→ **The task**
In the entries that follow, the lines from the line containing "随着全球AI服务器市场持续增" up to and including the line containing "Lalam by Binaas- 03" must be copied exactly, with pictures omitted.

Collected data:
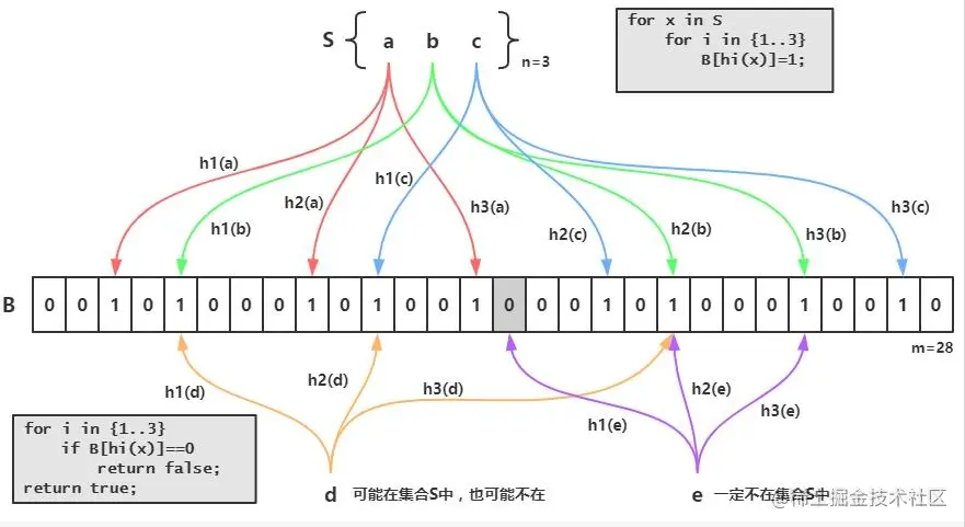 当一个元素被加入集合时,通过K个散列函数将这个元素映射成一个位数组中的K个点(有效降低冲突概率),把它们置为1。检索时,我们只要看看这些点是不是都是1就知道集合中有没有它了:如果这些点有任何一个为0,则被检元素一定不在;如果都是1,则被检元素很可能在。这就是布隆过滤器的基本思想。
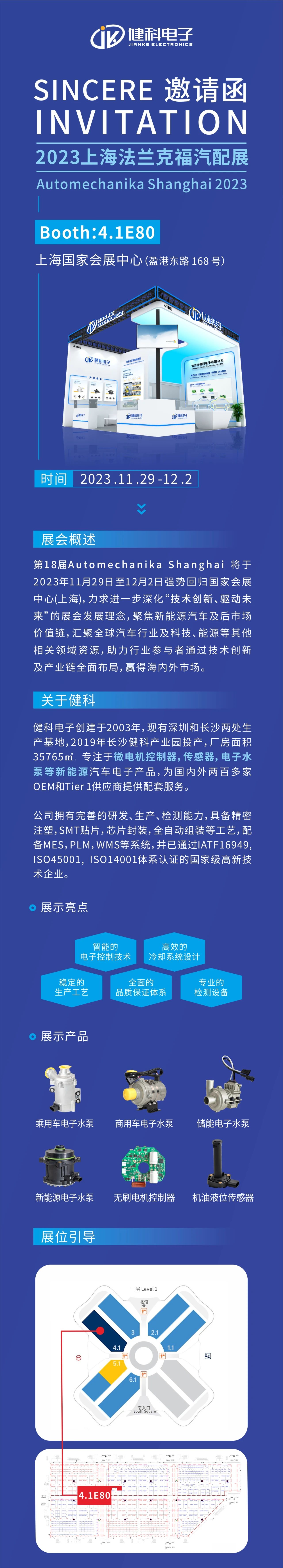 5月17日,深受業界矚目的“2023北京國際商用車及零部件展覽會”暨“2023北京國際道路客貨運輸車輛及零部件展覽會”在北京 · 中國國際展覽中心(新館)盛大開幕!健科電子攜自主研發的電子水泵、車用微電機控制器、傳感器閃耀亮相,與全球客戶及合作伙伴分享創新技術及行業應用成果。
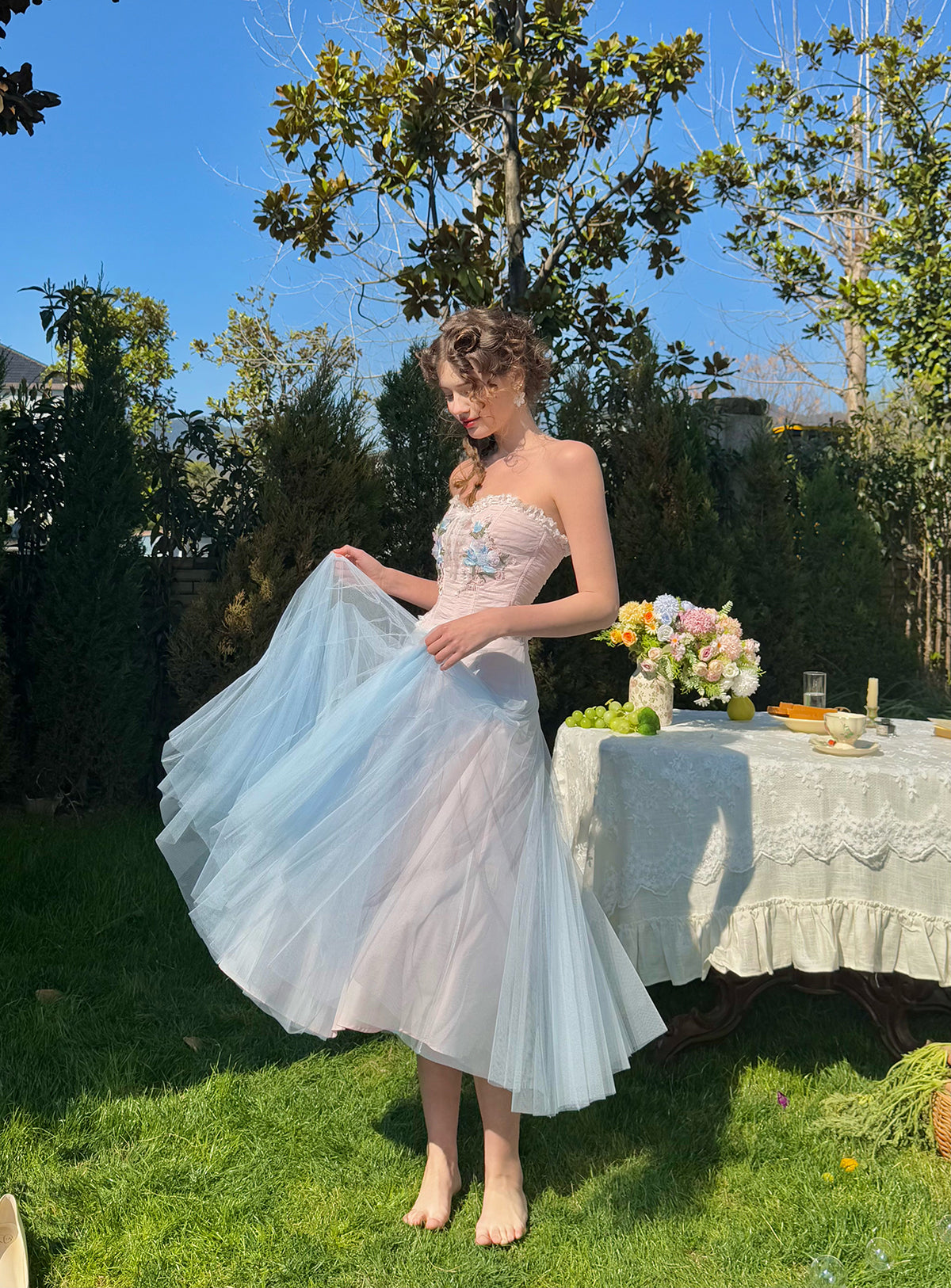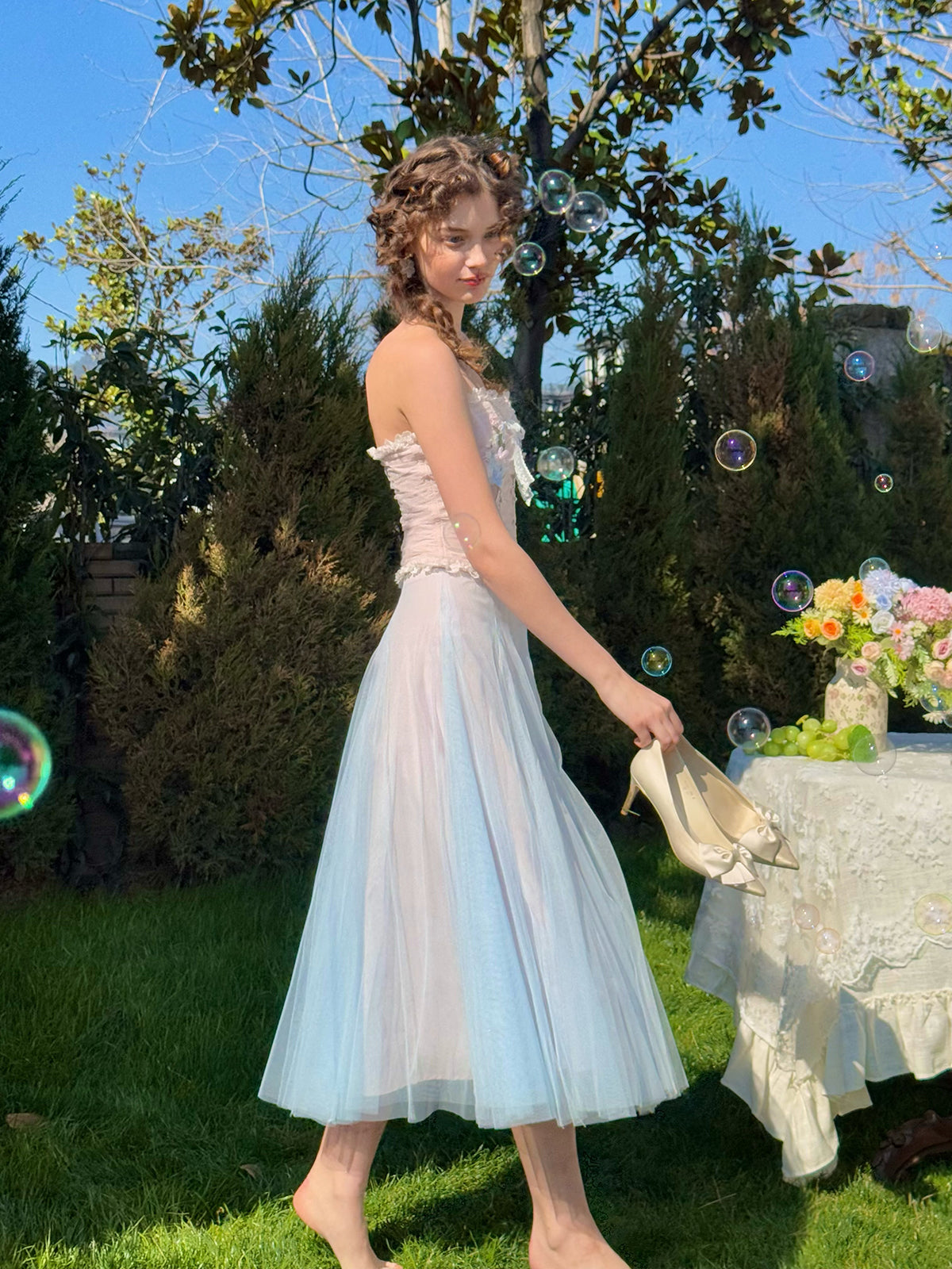 French sweet light spring pink blue tube top fishbone bra mesh skirt suit homecoming dress R5146
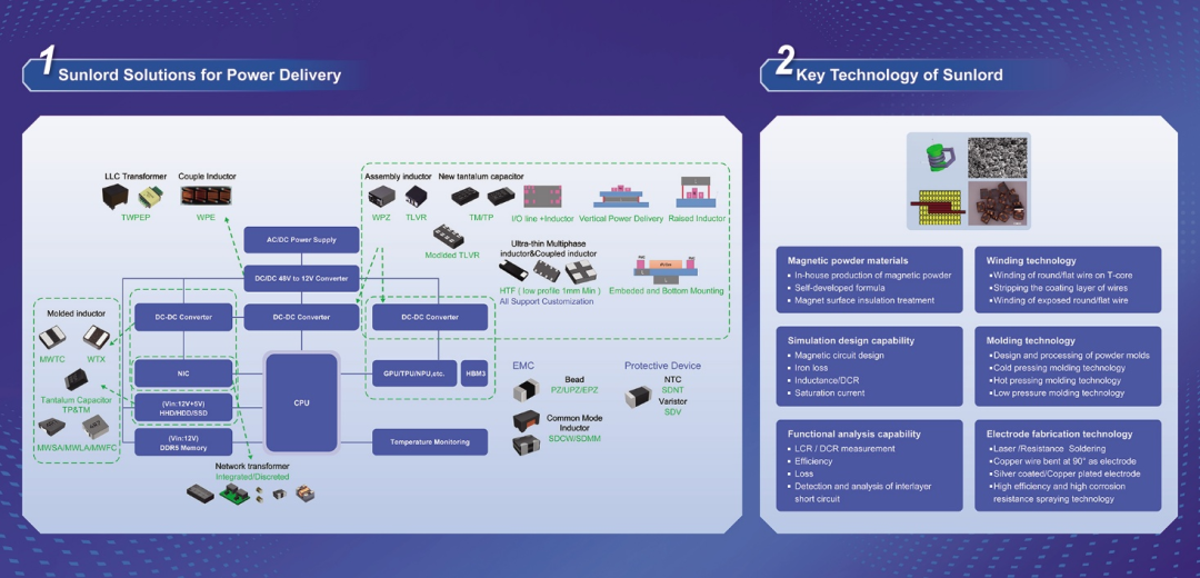 随着全球AI服务器市场持续增长,顺络电子在48V转12V及12V转1.1/0.8V等领域,开发了多个新产品系列,基于超低压整版模压技术实现的低高度、低损耗耦合电感/多相电感、高耐压的TLVR电感、基于铜磁共烧技术的4-ph耦合电感等,为AI服务器垂直供电、电源模块助力。
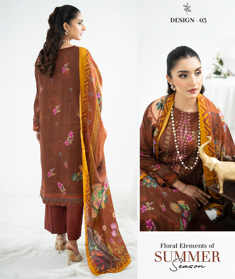 Lalam by Binaas- 03 * Digital Printed Lawn Embroidered * Neck With Boring Embroidered Front * Digital Printed Lawn Back * Digital Printed Lawn Sleeves * Digital Printed Silk Duppata * Dyed Cambric Cotton Trouser
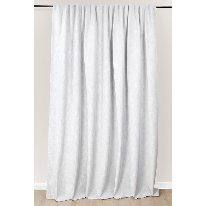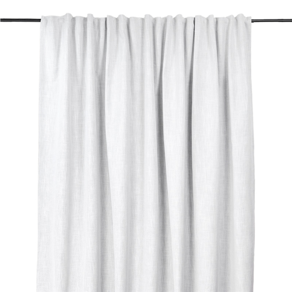 Multibandslängd i mörkläggande mjukt tyg med lite lyster, även kallad sun-out. Tyget är vävt med en speciellt mörkläggande väv i tre skikt, med spärrskikt i mitten. Gardinen har multiband vilket innebär att du kan hänga den på rundstång med kanalen, använda veckbandet med fingerkrokar, använda endast hällorna för att få en rynkad gardin samt använda rynkbandskrokar. Gardinen har overlock nertill och går enkelt att fålla med hjälp av fållband.

→ **Response to this exercise**
 随着全球AI服务器市场持续增长,顺络电子在48V转12V及12V转1.1/0.8V等领域,开发了多个新产品系列,基于超低压整版模压技术实现的低高度、低损耗耦合电感/多相电感、高耐压的TLVR电感、基于铜磁共烧技术的4-ph耦合电感等,为AI服务器垂直供电、电源模块助力。
 Lalam by Binaas- 03 * Digital Printed Lawn Embroidered * Neck With Boring Embroidered Front * Digital Printed Lawn Back * Digital Printed Lawn Sleeves * Digital Printed Silk Duppata * Dyed Cambric Cotton Trouser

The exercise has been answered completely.